[WORK ITEM]: What's needed is an exact retyping of the lines from the start of the listing up to and including the line with "Trots att ytan", minus any pictures.

[DATASET CONTENT]:
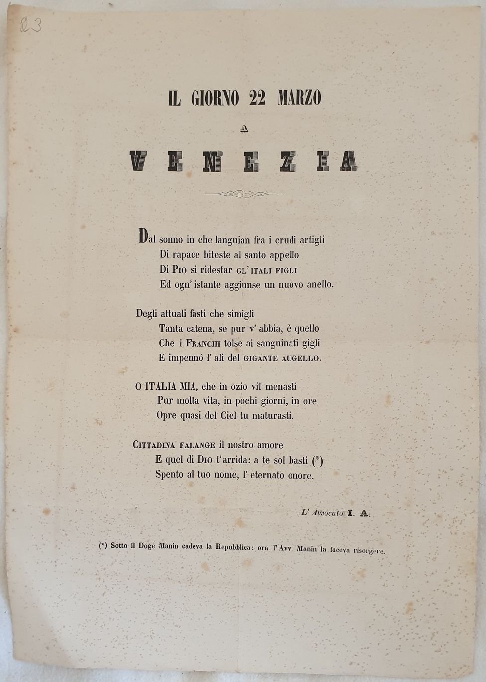 Rarissimo poema dedicato ala proclamazione della Repubblica di San Marco avvenuta il 22 marzo 1848 a seguito dell'insurrezione della città avvenuta il 17 marzo. Ideatore della rivolta fu l'avvocato veneziano Daniele Manin. Autore anonimo "Avvocato I.A." In buone condizioni. Fioriture. Piegatura orizzontale. In 4. Dim. 29,5x21 cmVery scarce poem dedicated to the proclamation of the Republic of San Marco happened the 22nd of march 1848 following the insurrection of the city of the 17th of march. Creator of the riot was the lawyer from Venice Daniele Manin. Anonymous author "Avvocato I.A." In good conditions. Foxing. Horizontal folding. In 4. Dim. 29,5x21 cm
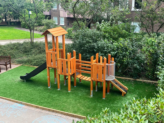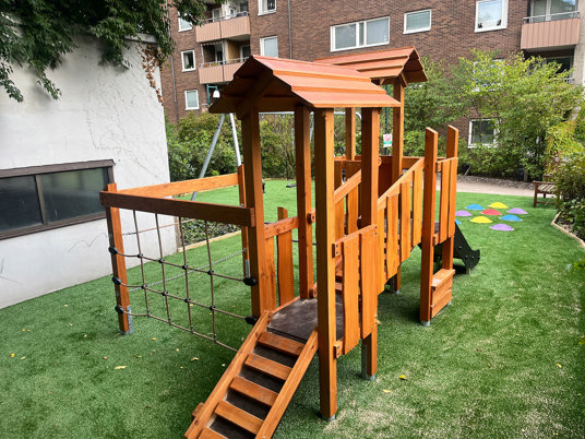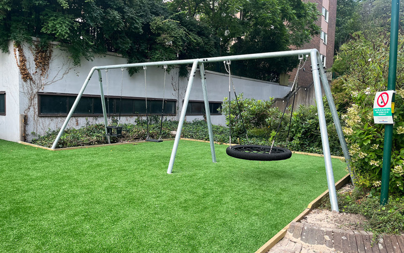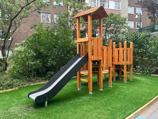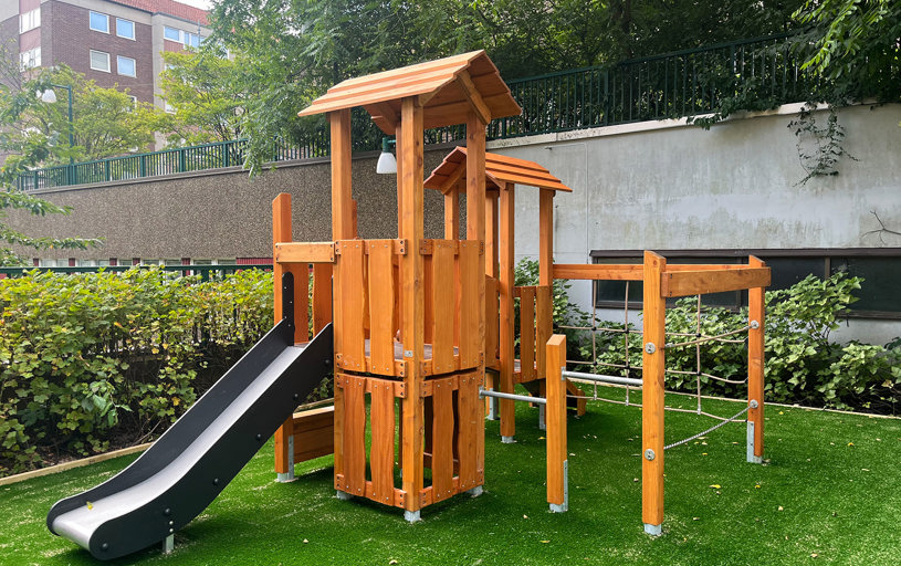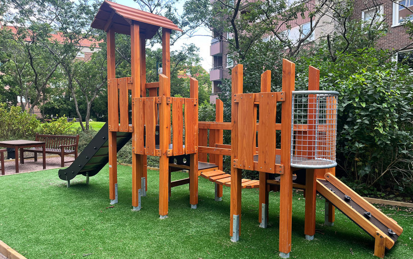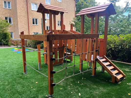 Trots att ytan byggdes om från grunden gick arbetet snabbt och effektivt. Hela projektet färdigställdes på väldigt kort tid. För att skapa en trygg och trivsam lekmiljö kompletterades anläggningen med mjukt och stötdämpande konstgräs och fallskyddsgummi som fungerar som säkra underlag under lekställningarna.
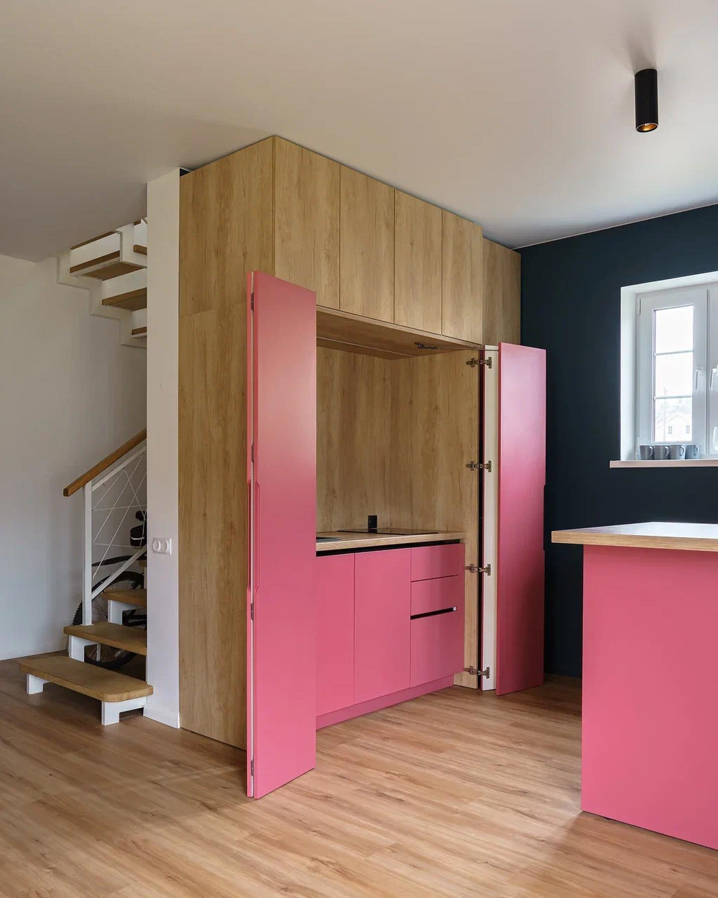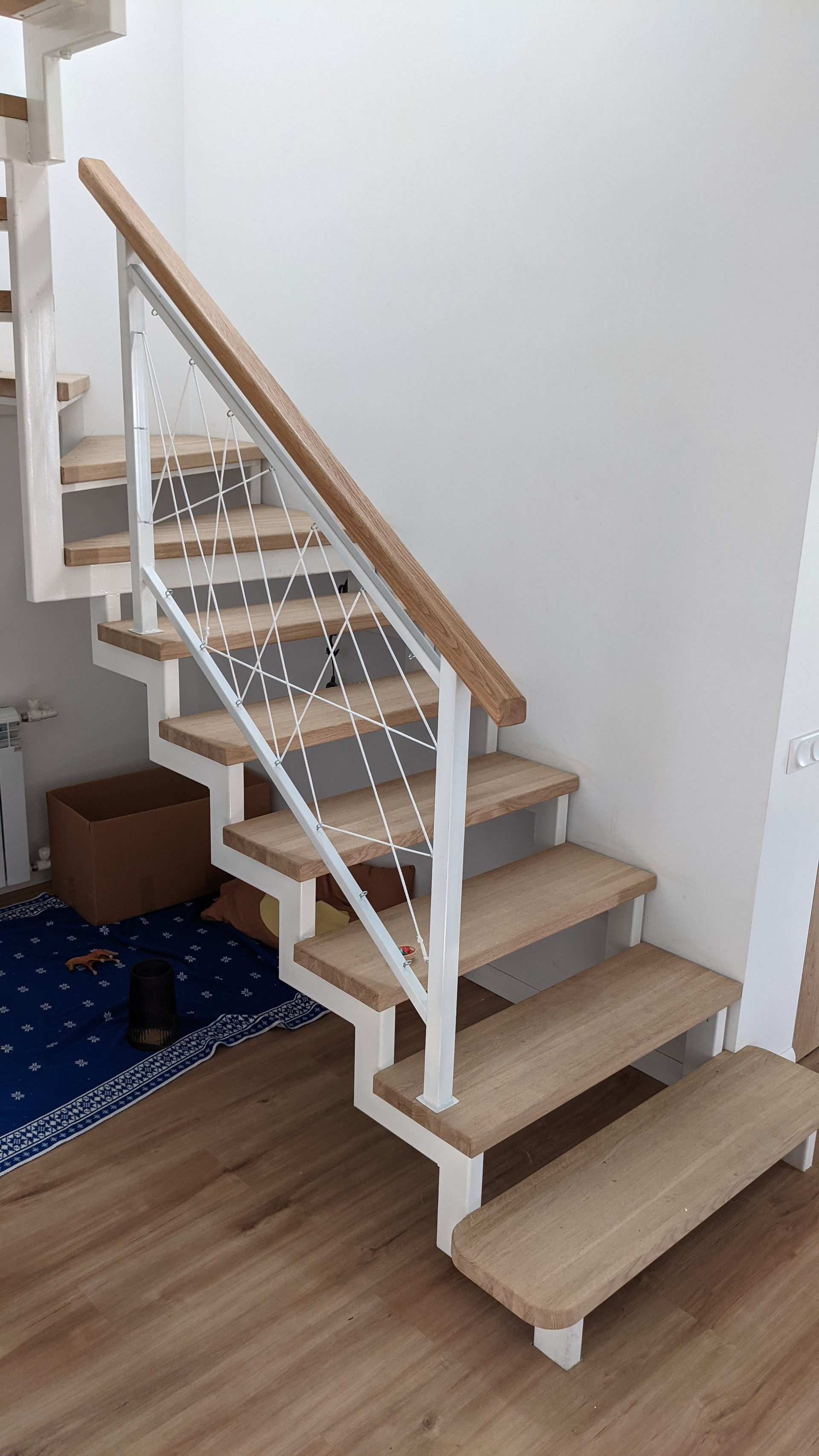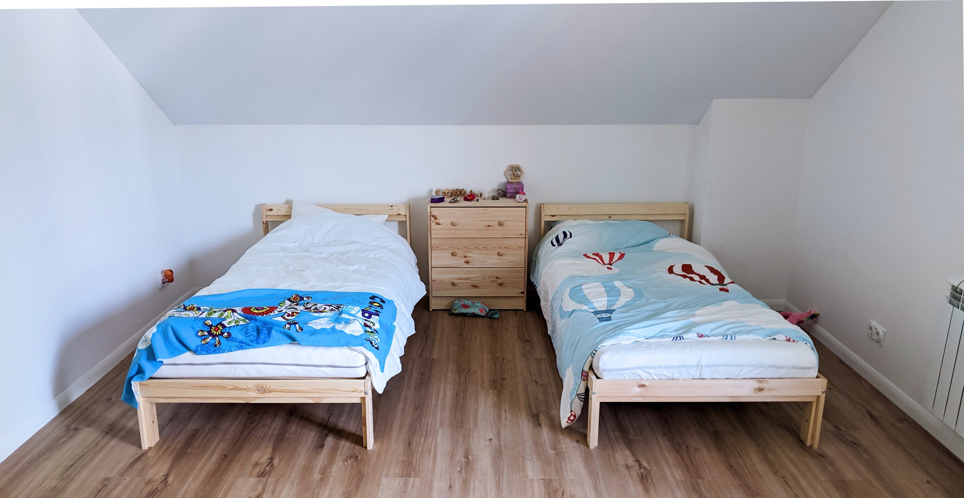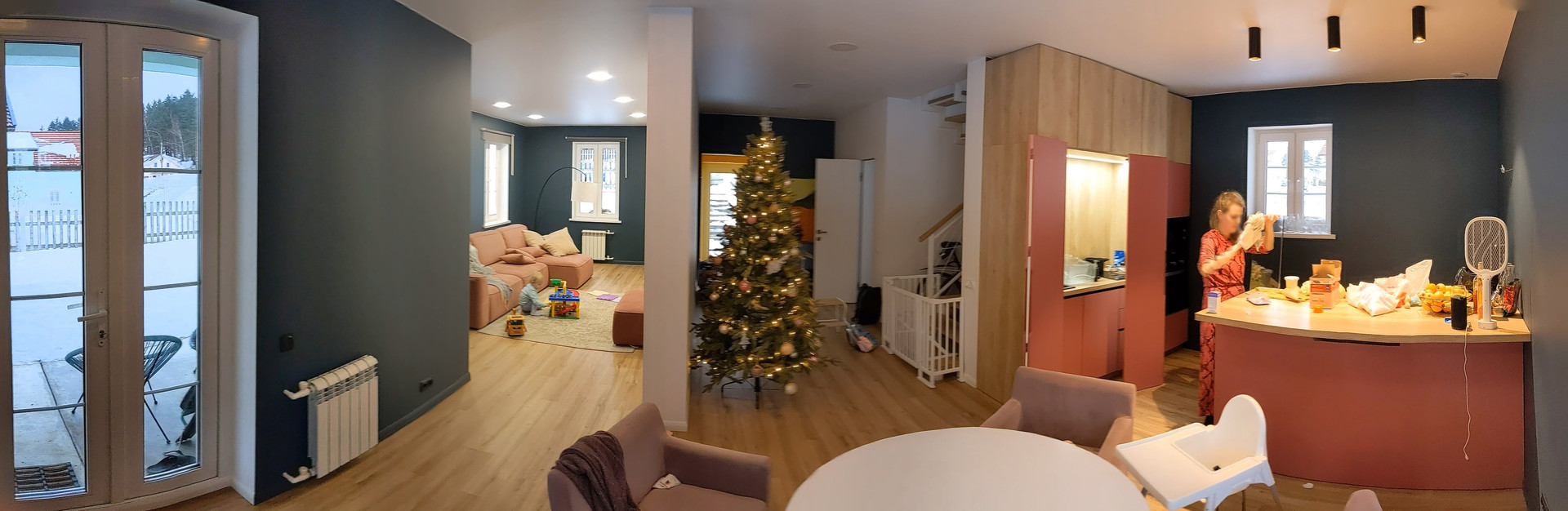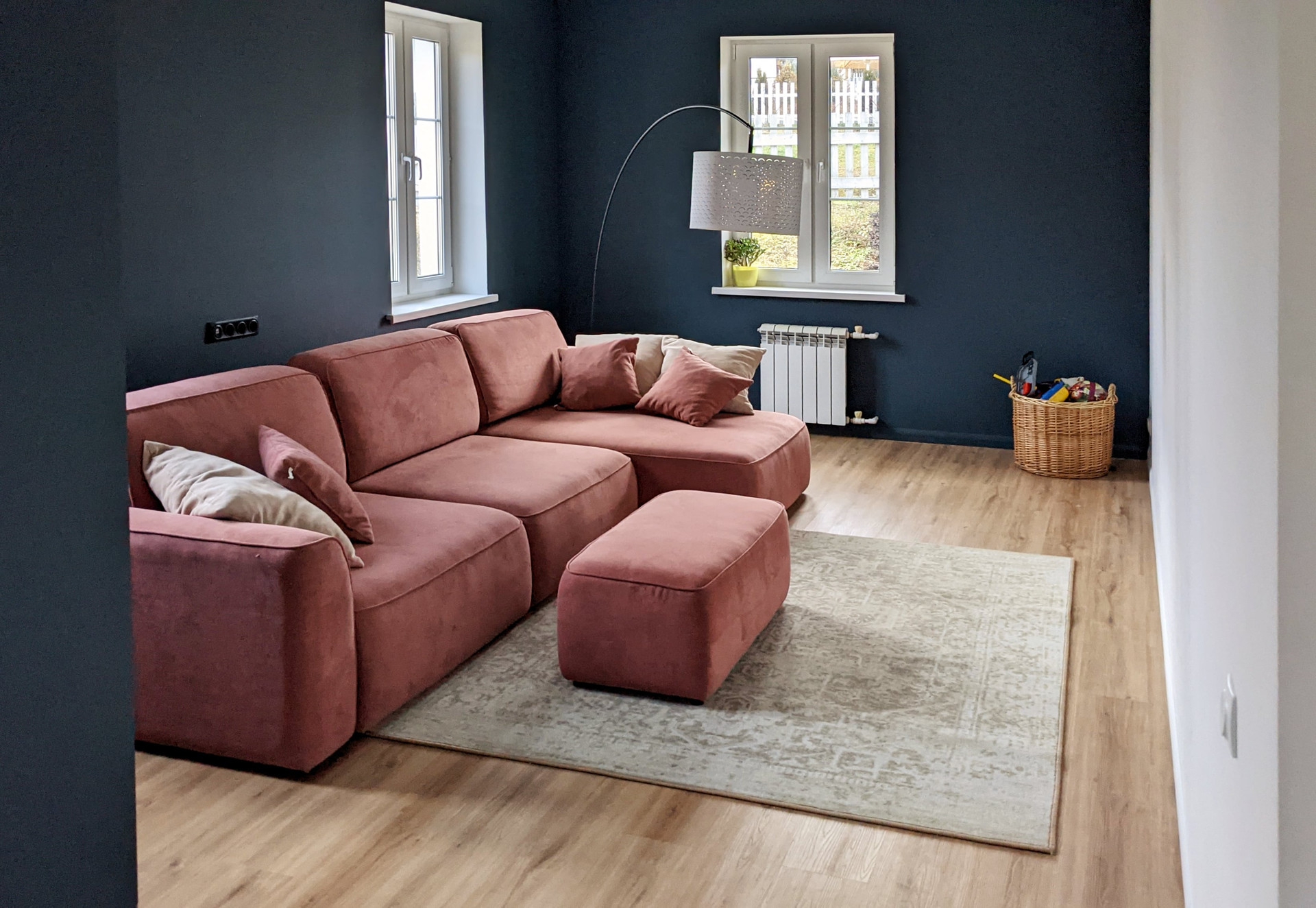 На пол постелили кварцвиниловый ламинат. От него немного изнашиваются носки, зато по полу очень приятно ходить босиком. Даже зимой.

[ANSWER BOX]:
 Rarissimo poema dedicato ala proclamazione della Repubblica di San Marco avvenuta il 22 marzo 1848 a seguito dell'insurrezione della città avvenuta il 17 marzo. Ideatore della rivolta fu l'avvocato veneziano Daniele Manin. Autore anonimo "Avvocato I.A." In buone condizioni. Fioriture. Piegatura orizzontale. In 4. Dim. 29,5x21 cmVery scarce poem dedicated to the proclamation of the Republic of San Marco happened the 22nd of march 1848 following the insurrection of the city of the 17th of march. Creator of the riot was the lawyer from Venice Daniele Manin. Anonymous author "Avvocato I.A." In good conditions. Foxing. Horizontal folding. In 4. Dim. 29,5x21 cm
 Trots att ytan byggdes om från grunden gick arbetet snabbt och effektivt. Hela projektet färdigställdes på väldigt kort tid. För att skapa en trygg och trivsam lekmiljö kompletterades anläggningen med mjukt och stötdämpande konstgräs och fallskyddsgummi som fungerar som säkra underlag under lekställningarna.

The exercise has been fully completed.